The firms in a monopolistically competitive market produce analogous products which are however not completely identical (Colander, 2008). This makes each of the firms and the products to aim at satisfying very similar basic want or need.
Therefore, the products that are put into the market by these firms are near proxies and are very comparable but are nevertheless not perfect substitutes (Ison & Wall, 2006). Even though the products might in actual sense have substitutes or slight physical differences, consumers of the products are the only ones who might perceive them to be different because the similarities between the products are usually more than the differences (Pindyck & Rubinfeld, 2001).
Therefore, firms in a monopolistically competition at any given moment have a great number of potential competitors since the products are usually almost the same and at the same time have a great number of potential consumers who are currently buying the competitors’ products.
A firm in a monopolistic competition increases on the profit by opting for the output that creates the maximum difference between the total income line and the total cost line. However, over the long run, a firm produces less output and charges a higher price which is even greater than its marginal cost (Pindyck & Rubinfeld, 2001).
The difference in price and marginal cost effectively goes against the vital order of efficiency because income is not being utilized to create the utmost level of consumer satisfaction. The graphs in Figure 1.1 represents the trends of such;
Fig 1.1: Marginal Revenue Curve and Operational Barrier Curve by (Chamberlin, E. 1999).
TC= Total Cost
TR= Total Revenue
This leads to inefficiency which is basically caused by the minimal market control monopolistically competitive firms have over the overall market, and hence most of the firms experience a negatively-sloped demand curves where price is greater than marginal revenue where the price is placed equivalent to marginal cost in order to maximize profit (Figure 2).
Therefore, as firms continue to receive income through sales, the income is translated into production in order to produce more goods of higher quality to satisfy the market needs (Ison & Wall, 2006).
Furthermore, monopolistic competitive firms can only make normal profits in the long term because they only control a small portion of the market which cannot be expanded due to the presence of several competitors (Colander, 2008).
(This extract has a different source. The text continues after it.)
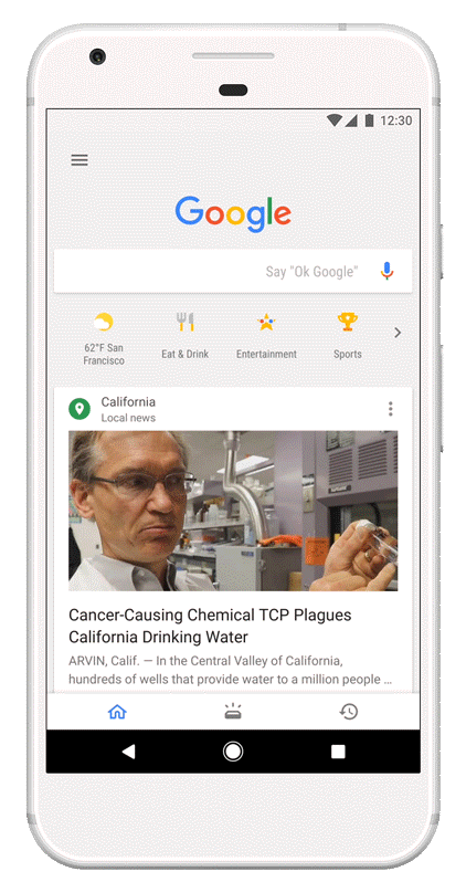I starten af 2017 introducerede Google nyheder direkte i Google-app'en under søgefeltet, og det er den funktion, som nu bliver udvidet.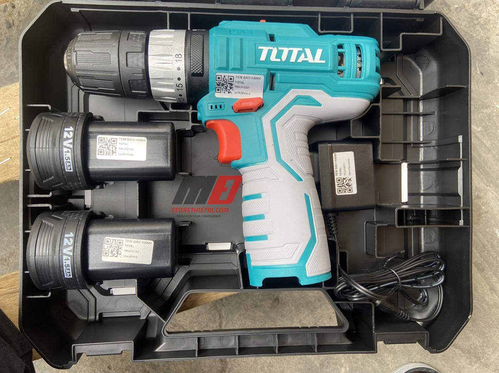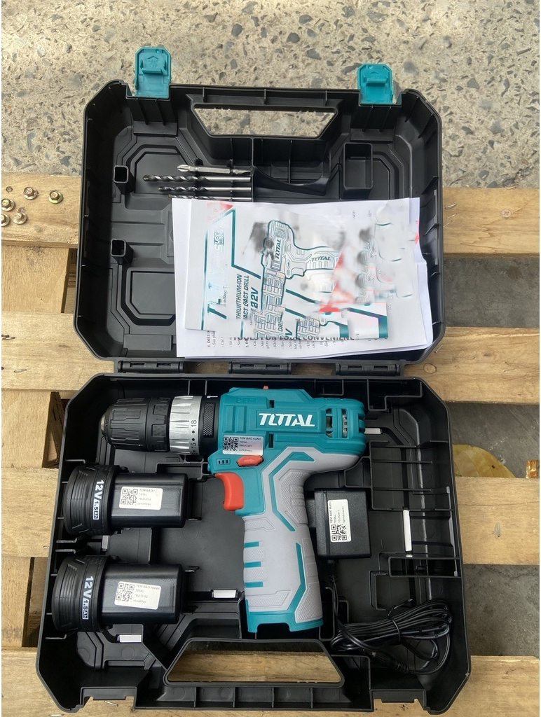 | Phụ kiện đi kèm | 2 pin 1,5Ah & 1 sạc, 1 mũi vit Cr-V 65mm, 3 mũi khoan |

If the firm were to produce superior quality goods, then the cost of production would be at a similar ratio to the percentage sales hence the profits will be normal in the long run.
A Monopolistic competition is the toughest yet most common market structure due to its relatively unregulated mode of operation. It is also quite simple to establish a firm in a monopolistic competition as compared to other market structures. Firms that operate in a Monopolistic competition each have a small portion of the market in their control and hence due to the dissimilarity in product, neither of the firms has control of the price of the products hence the price becomes market driven.
Chamberlin, E. (1999). A Supplementary Bibliography on Monopolistic Competition. The Quarterly Journal of Economics, Vol. 75, No. 28, pp. 629-638.
Colander, D. (2008) Microeconomics. 7th Ed. London: McGraw-Hill.
Ison, S. and Wall, S. (2006) Economics. 4th Ed. New York: Financial Times in assoc with Prentice Hall.
Pindyck, R & Rubinfeld, D. (2001) Microeconomics. 5th Ed. New York: Prentice-Hall.